Whether you’re a writer, editor, blogger, or social media strategist, a content calendar is a must! This indispensable resource allows you to plan your content activity in advance and share it with other team members. Creating a content calendar is easy, and once it’s done, you’ll be organized and on track to meet your goals.
What is a Content Calendar?
A content calendar is a tool that allows you to lay out and plan your content over a specific time period. It enables you to visualize at a glance how your content will be distributed throughout the year and may include ideas, topics, milestones, and dates. The benefits are numerous; a content calendar will:
- Keep you organized and on track
- Save you time and energy
- Ensure your content is fresh and relevant
- Provide your team with visibility
- Encourage departmental and outside collaboration
- Eliminate last-minute scrambling to fill a content void
A content calendar is a crucial component of your marketing strategy; it allows you to focus on deadlines and important events, and boosts productivity. A well-planned content calendar prevents repetitive and stale messaging, keeping your audience engaged. 88 percent of B2B companies incorporate content marketing into their overall marketing efforts, yet only 32 percent have a detailed content marketing process in place.

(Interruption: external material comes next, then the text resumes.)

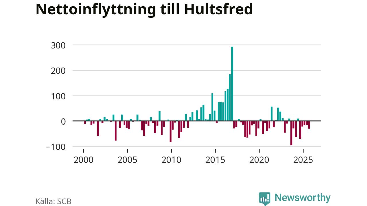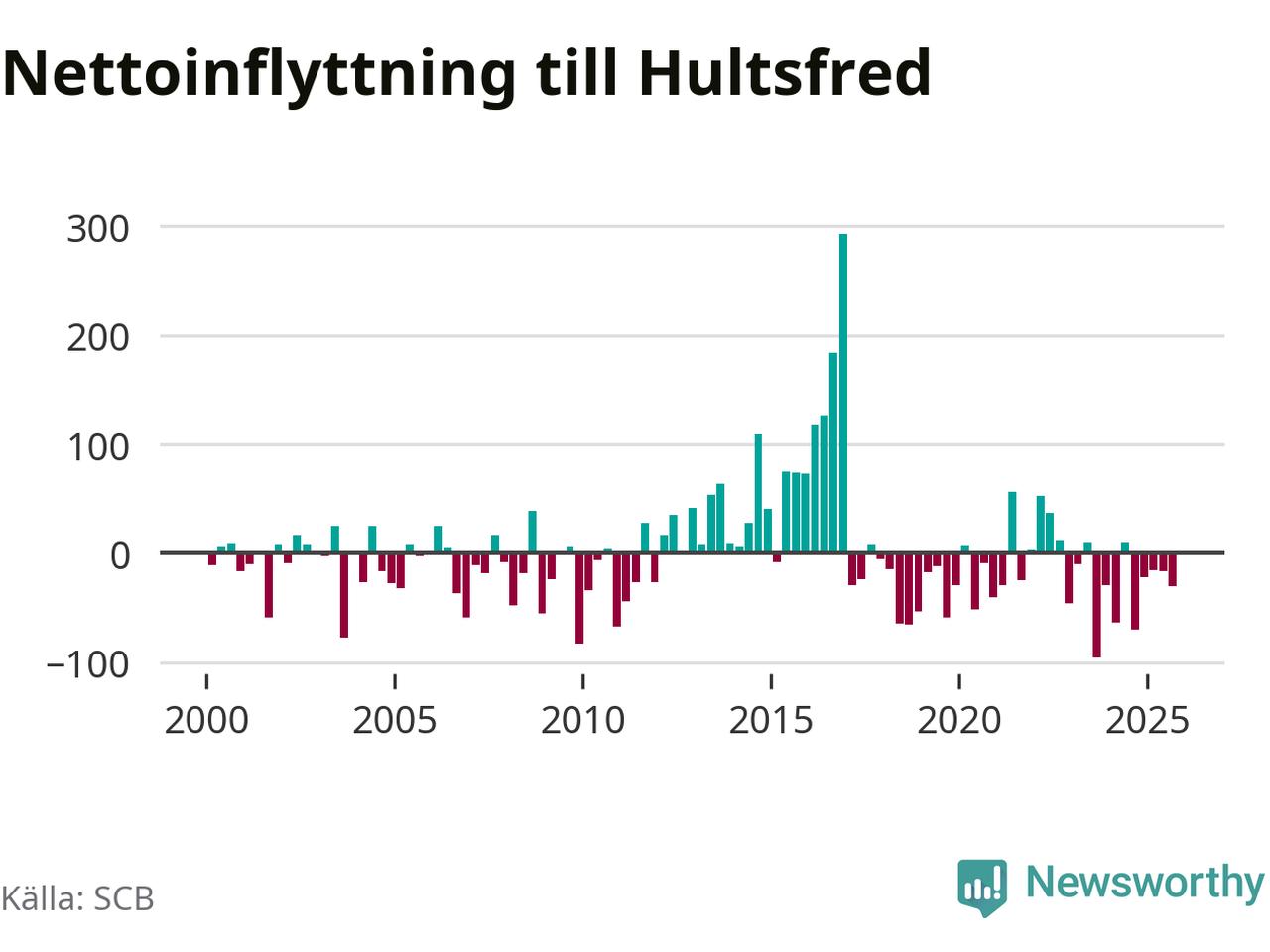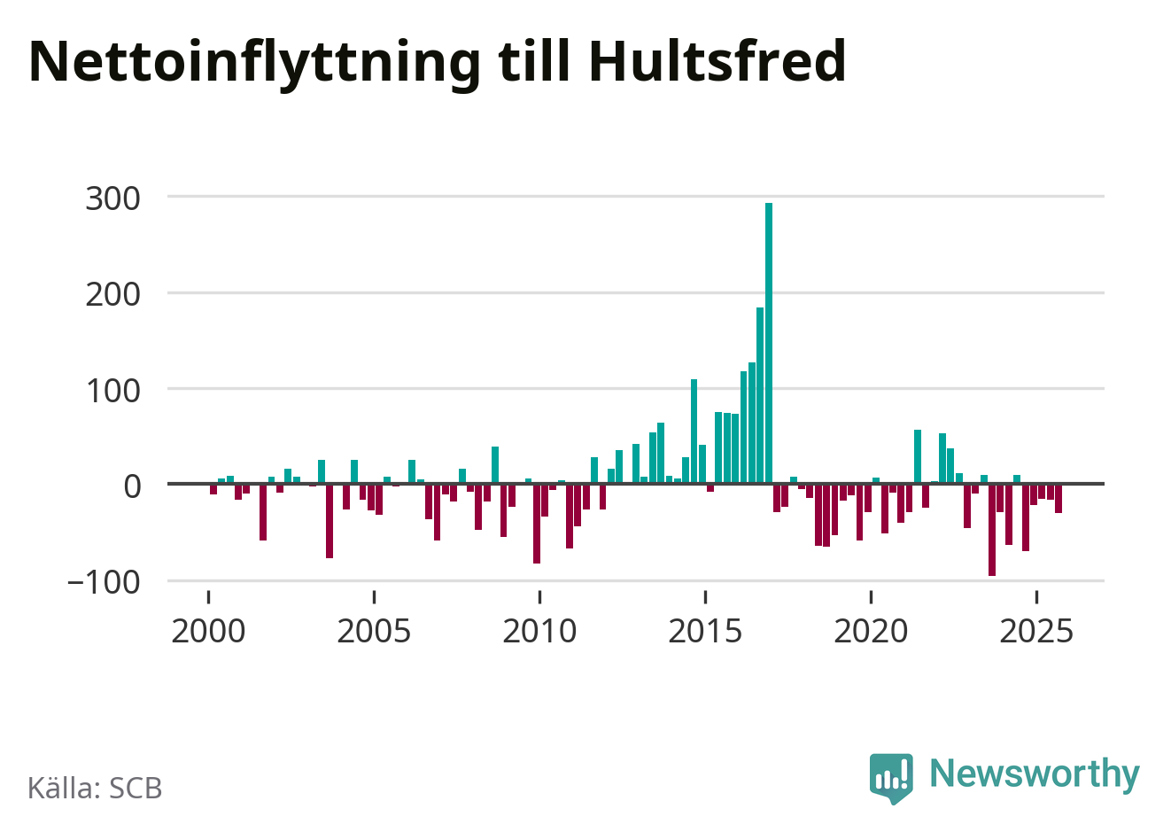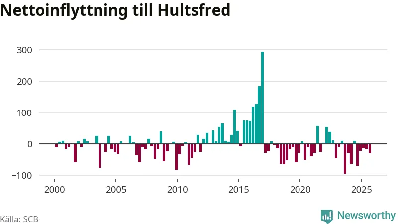 Under tredje kvartalet 2025 flyttade 164 personer till kommunen medan 194 personer flyttade därifrån. Sedan seklets början har Hultsfred oftast haft ett negativt flyttnetto.

Taking the time to develop a content marketing calendar will position you for success. Here’s how to do it!
How to Create a Content Calendar
Building an effective content calendar for your organization requires the following steps.
- Brainstorm content ideas. Think about content that closely reflects your brand and industry. Make sure to list a wide variety; your options are practically limitless. Lists; how-to articles; Q&As (Questions and Answers); theme-based posts; case studies; testimonials; interviews; product reviews; tips and tricks; company or industry news; editorials; product success stories; and facts/statistics are all popular go-to topics. Plan content around specific campaigns for maximum effect.
- Utilize existing content. If you’ve got a large library of existing content, don’t be afraid to re-purpose that. White papers and reports can be broken down into individual sections and spun into a whole new series; old blog posts can be updated with new information; product launch announcements can be rewritten to incorporate user reviews and updated features; research data and statistics can be turned into infographics. Get creative and take advantage of the assets you’ve already developed!
- Decide how often you’ll publish. Your specific content strategy will determine publication frequency. Blog posts might be limited to one a week, while social media accounts are often updated daily, or even multiple times per day.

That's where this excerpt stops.